● EXTRACTED MATERIAL:

○ ○ ○ ○ ○ ○ ○

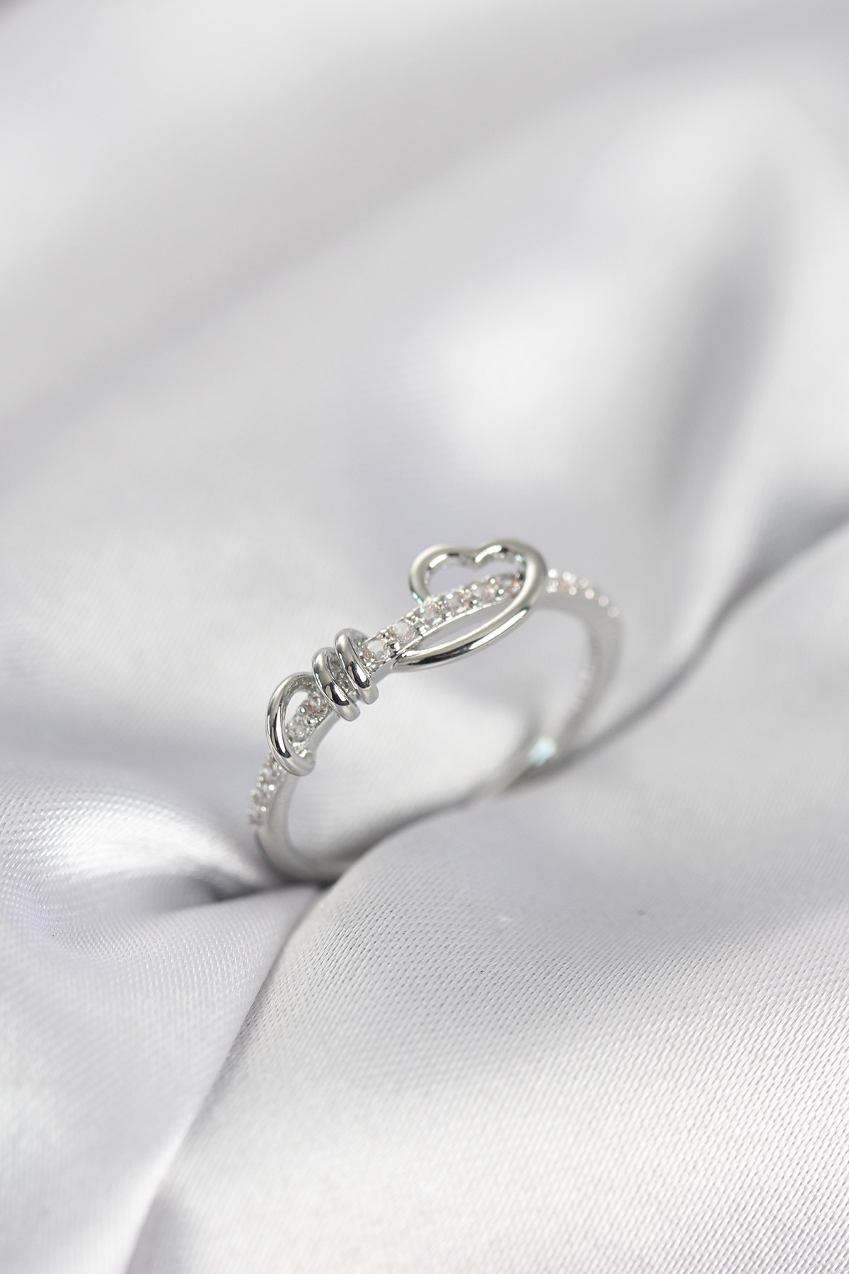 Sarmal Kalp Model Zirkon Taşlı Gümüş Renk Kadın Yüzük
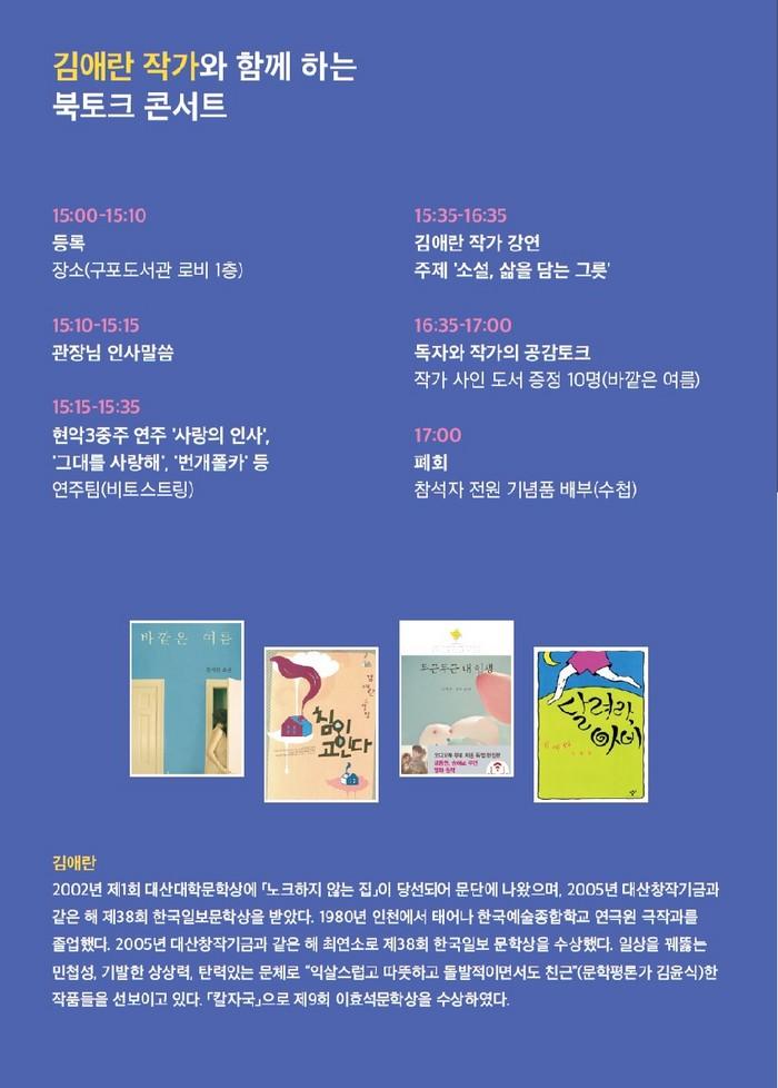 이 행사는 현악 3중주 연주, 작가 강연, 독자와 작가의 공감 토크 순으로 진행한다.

○ ○ ○ ○ ○ ○ ○

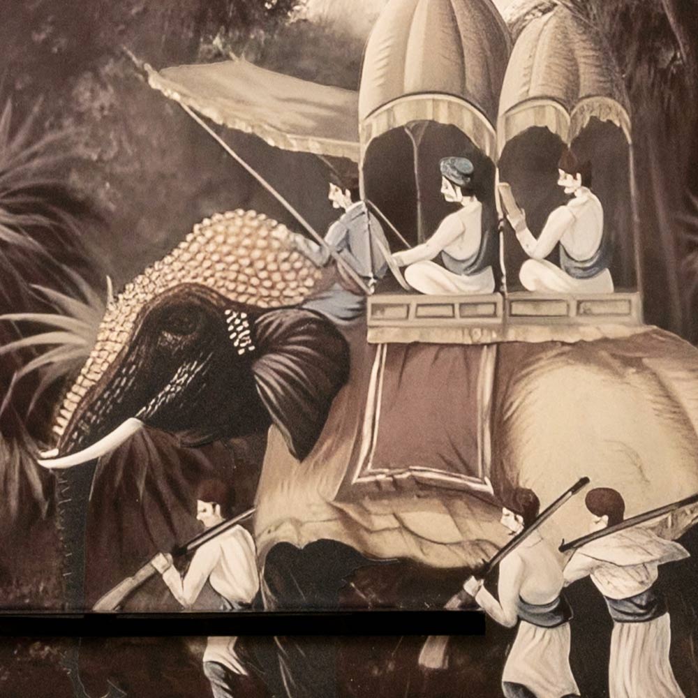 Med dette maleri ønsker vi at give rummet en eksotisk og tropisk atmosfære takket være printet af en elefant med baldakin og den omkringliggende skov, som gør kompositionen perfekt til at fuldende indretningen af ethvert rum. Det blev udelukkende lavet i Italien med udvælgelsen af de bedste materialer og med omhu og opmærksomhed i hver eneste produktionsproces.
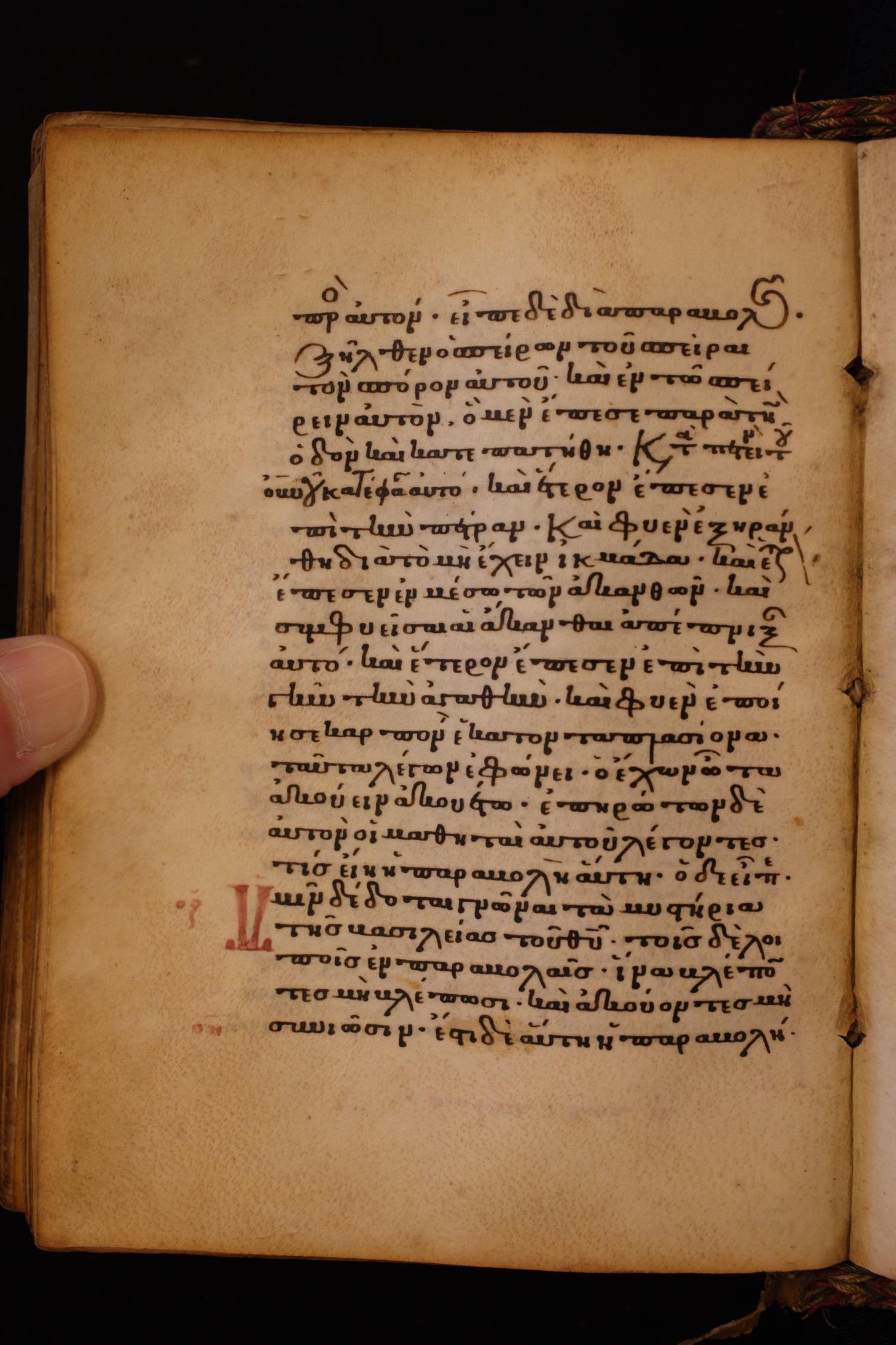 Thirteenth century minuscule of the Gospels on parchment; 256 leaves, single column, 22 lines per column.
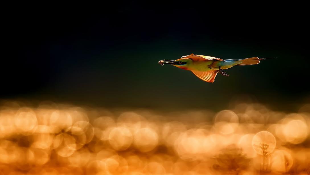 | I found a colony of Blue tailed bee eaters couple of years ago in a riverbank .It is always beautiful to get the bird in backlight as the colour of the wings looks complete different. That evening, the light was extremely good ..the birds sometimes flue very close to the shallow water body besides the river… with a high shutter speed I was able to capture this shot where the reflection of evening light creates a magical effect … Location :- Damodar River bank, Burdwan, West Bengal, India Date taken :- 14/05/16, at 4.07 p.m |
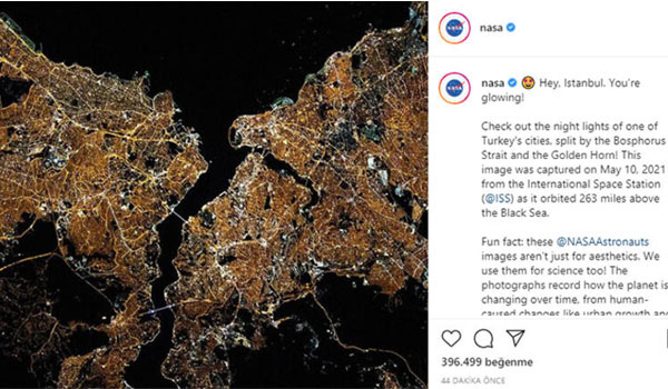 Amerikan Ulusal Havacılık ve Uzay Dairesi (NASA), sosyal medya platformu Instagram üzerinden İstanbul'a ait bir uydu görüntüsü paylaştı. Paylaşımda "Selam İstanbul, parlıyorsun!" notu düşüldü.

○ ○ ○ ○ ○ ○ ○

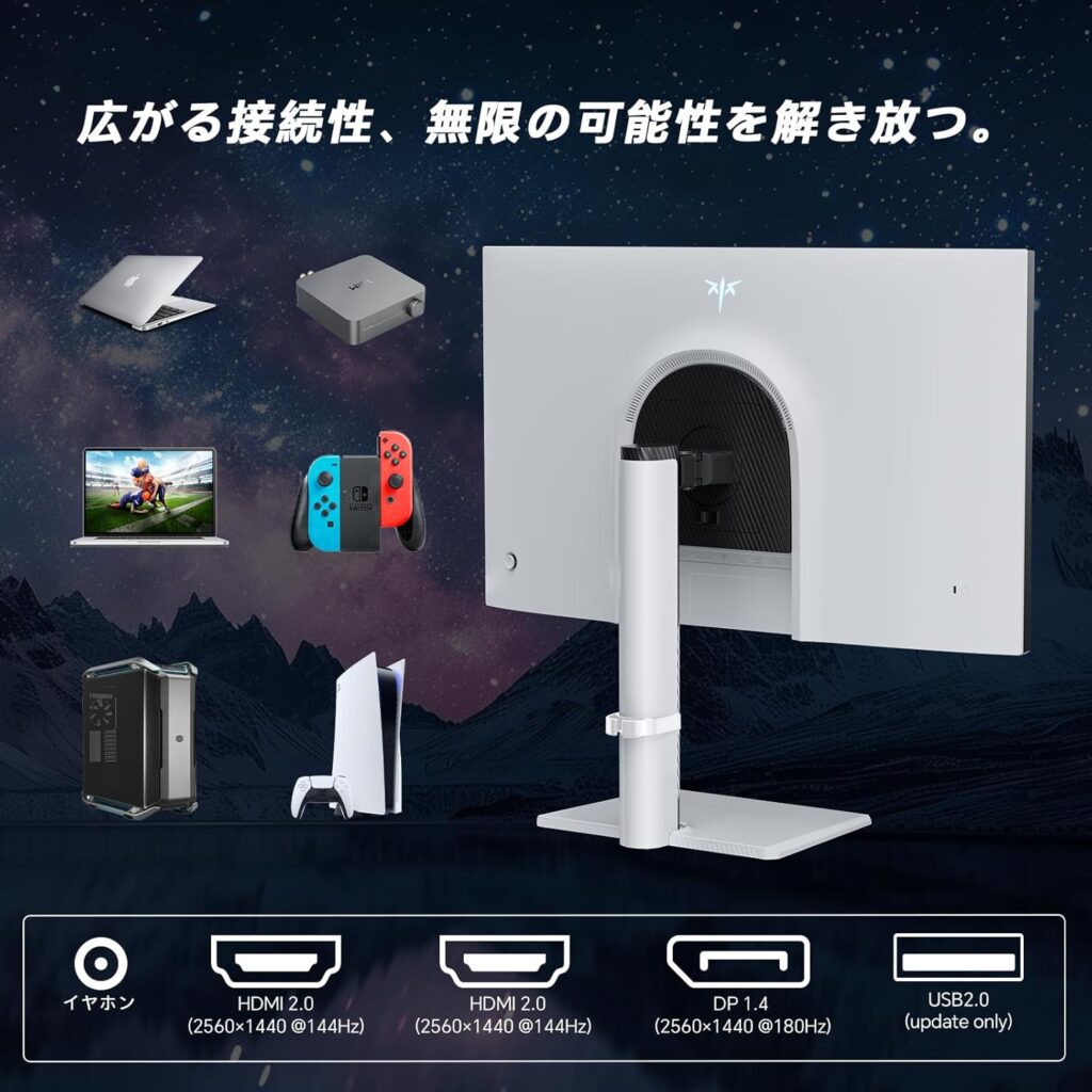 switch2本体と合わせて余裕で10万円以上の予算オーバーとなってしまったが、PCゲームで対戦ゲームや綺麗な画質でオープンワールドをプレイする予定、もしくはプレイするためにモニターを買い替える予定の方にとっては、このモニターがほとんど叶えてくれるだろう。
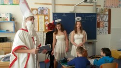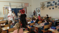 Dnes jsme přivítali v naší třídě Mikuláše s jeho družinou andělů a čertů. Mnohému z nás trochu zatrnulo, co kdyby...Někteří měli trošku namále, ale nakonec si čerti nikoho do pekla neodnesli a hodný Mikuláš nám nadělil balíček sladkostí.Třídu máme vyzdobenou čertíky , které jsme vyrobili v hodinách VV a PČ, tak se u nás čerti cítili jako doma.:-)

○ ○ ○ ○ ○ ○ ○

● WHAT YOU WILL DO: All that should be printed is the run of lines above from the one with "Sarmal Kalp Model" through the one with "이 행사는 현악 3중주", both included, exactly as given, with pictures left out.

● YOUR RESPONSE:
 Sarmal Kalp Model Zirkon Taşlı Gümüş Renk Kadın Yüzük
 이 행사는 현악 3중주 연주, 작가 강연, 독자와 작가의 공감 토크 순으로 진행한다.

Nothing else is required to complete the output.